Your task ::
Lines from the one with "배우로 성장했다. |" up to and including the one with "可以查看电脑的内存、CPU、" are to be copied exactly from the records below, without their pictures.

Input for this task ::
-- Opening Marker --
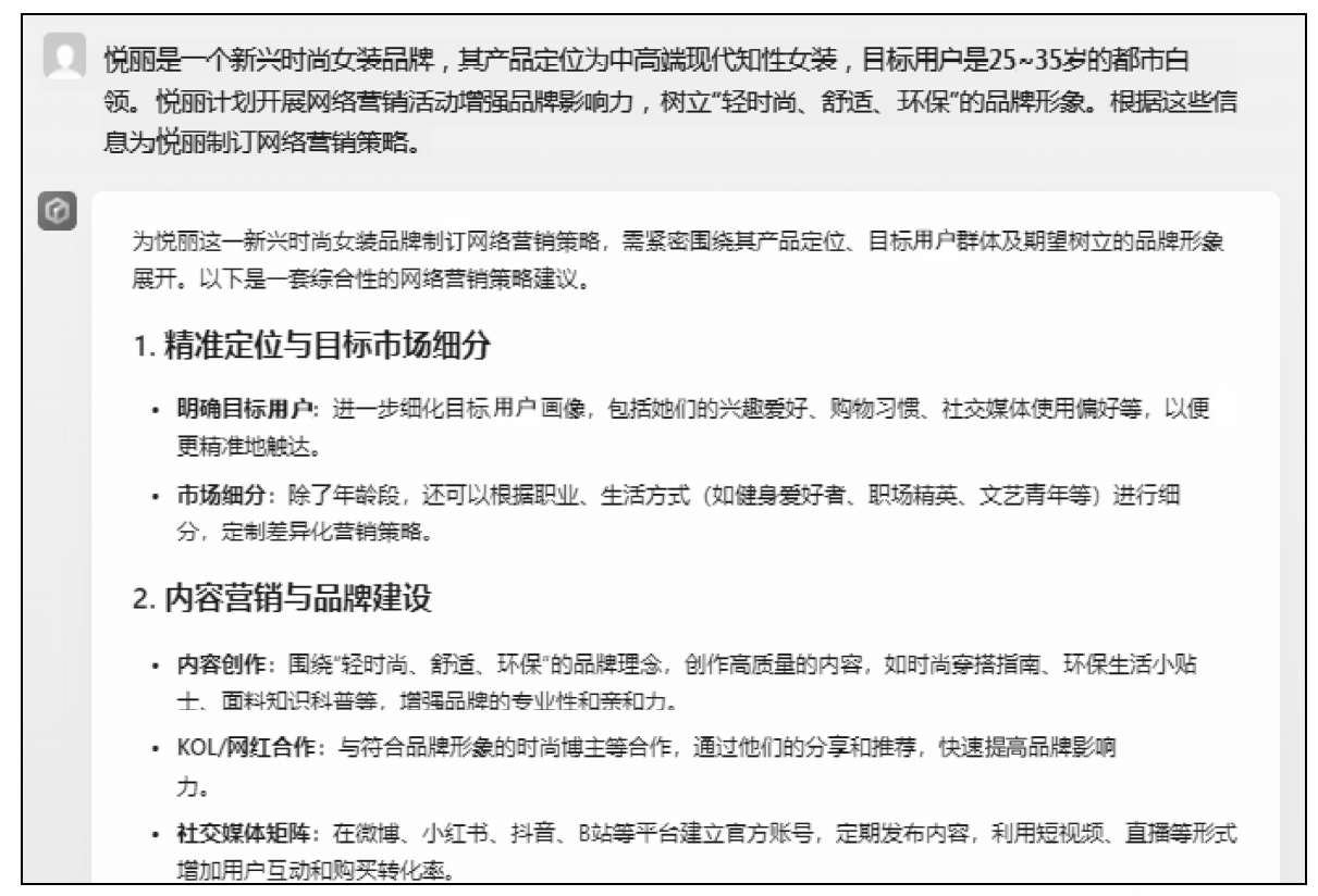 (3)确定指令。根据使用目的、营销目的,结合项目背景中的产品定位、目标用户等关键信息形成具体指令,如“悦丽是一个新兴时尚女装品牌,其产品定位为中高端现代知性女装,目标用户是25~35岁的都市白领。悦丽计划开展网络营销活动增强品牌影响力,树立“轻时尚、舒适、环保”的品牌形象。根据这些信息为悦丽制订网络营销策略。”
-- Closing Marker --
-- Opening Marker --
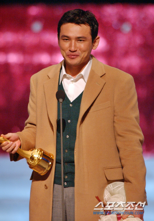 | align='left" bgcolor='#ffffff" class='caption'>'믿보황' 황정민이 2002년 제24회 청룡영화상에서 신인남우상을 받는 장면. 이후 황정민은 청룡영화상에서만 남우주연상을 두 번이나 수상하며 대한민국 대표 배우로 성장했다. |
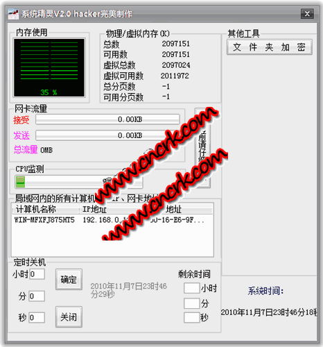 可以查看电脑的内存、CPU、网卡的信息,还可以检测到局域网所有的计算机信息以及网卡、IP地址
-- Closing Marker --
-- Opening Marker --
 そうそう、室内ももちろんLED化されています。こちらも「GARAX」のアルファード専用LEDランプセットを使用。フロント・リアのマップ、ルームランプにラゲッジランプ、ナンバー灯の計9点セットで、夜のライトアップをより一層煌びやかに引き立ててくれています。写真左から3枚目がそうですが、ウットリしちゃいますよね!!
-- Closing Marker --
Written response ::
 | align='left" bgcolor='#ffffff" class='caption'>'믿보황' 황정민이 2002년 제24회 청룡영화상에서 신인남우상을 받는 장면. 이후 황정민은 청룡영화상에서만 남우주연상을 두 번이나 수상하며 대한민국 대표 배우로 성장했다. |
 可以查看电脑的内存、CPU、网卡的信息,还可以检测到局域网所有的计算机信息以及网卡、IP地址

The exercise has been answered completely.